## Exercise materials

=== Section Start ===

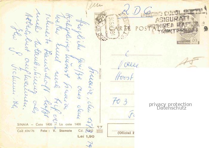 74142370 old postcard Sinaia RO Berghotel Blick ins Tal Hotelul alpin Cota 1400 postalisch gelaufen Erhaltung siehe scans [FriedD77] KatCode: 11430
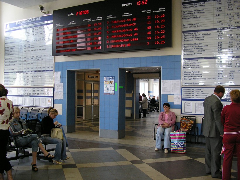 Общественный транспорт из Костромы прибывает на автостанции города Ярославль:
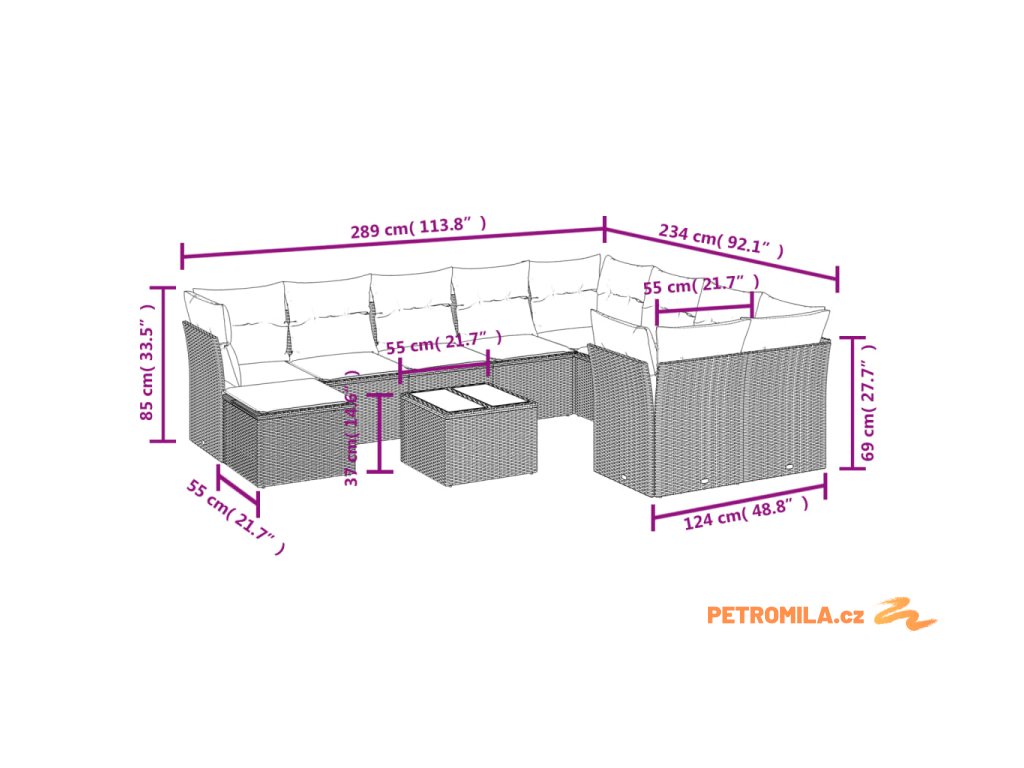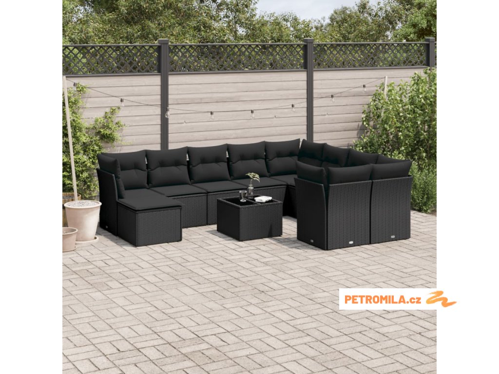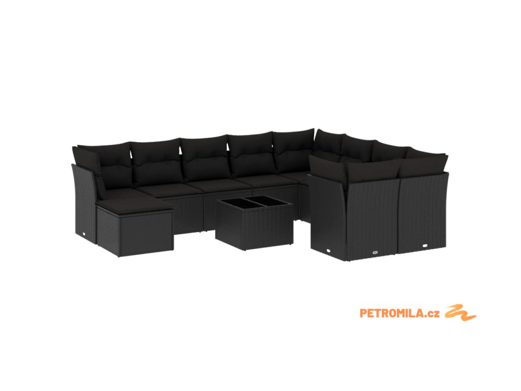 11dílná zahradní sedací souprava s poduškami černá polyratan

=== Section End ===
=== Section Start ===

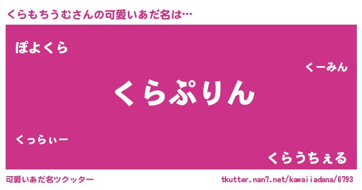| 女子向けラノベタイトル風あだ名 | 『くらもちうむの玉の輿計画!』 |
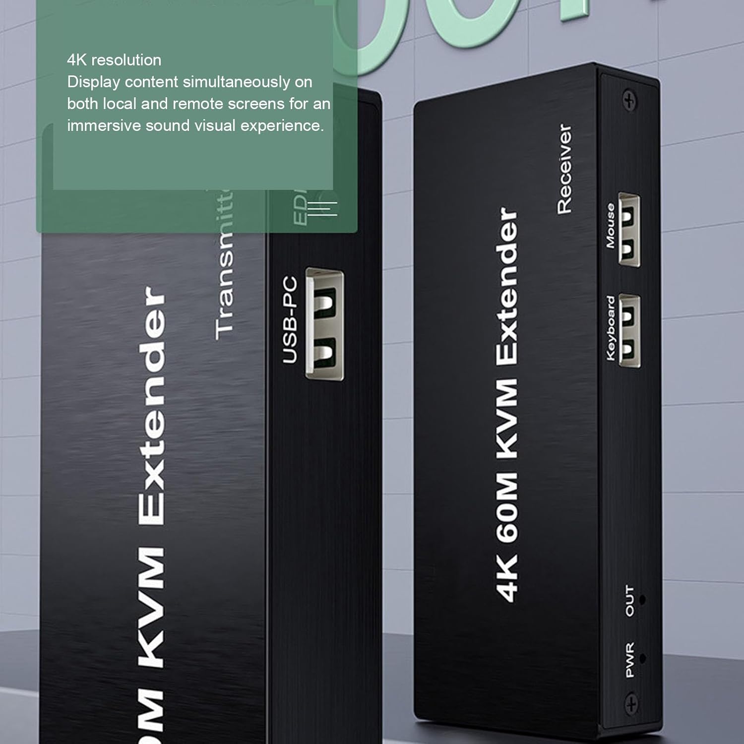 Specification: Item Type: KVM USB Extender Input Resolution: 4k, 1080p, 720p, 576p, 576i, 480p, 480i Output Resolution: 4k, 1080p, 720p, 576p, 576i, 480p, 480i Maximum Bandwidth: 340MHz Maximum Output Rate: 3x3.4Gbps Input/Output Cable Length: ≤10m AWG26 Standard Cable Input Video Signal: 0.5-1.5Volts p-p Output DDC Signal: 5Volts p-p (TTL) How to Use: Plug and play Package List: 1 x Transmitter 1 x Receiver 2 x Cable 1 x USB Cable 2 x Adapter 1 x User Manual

=== Section End ===
=== Section Start ===

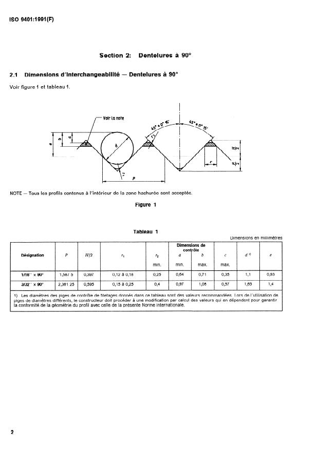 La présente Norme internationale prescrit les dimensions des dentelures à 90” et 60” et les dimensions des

=== Section End ===

## Exercise brief
From the records above, give again only the part that opens with the line containing "74142370 old postcard" and closes with the line containing "Общественный транспорт из". Keep both ends but drop the pictures.

## The answer
 74142370 old postcard Sinaia RO Berghotel Blick ins Tal Hotelul alpin Cota 1400 postalisch gelaufen Erhaltung siehe scans [FriedD77] KatCode: 11430
 Общественный транспорт из Костромы прибывает на автостанции города Ярославль:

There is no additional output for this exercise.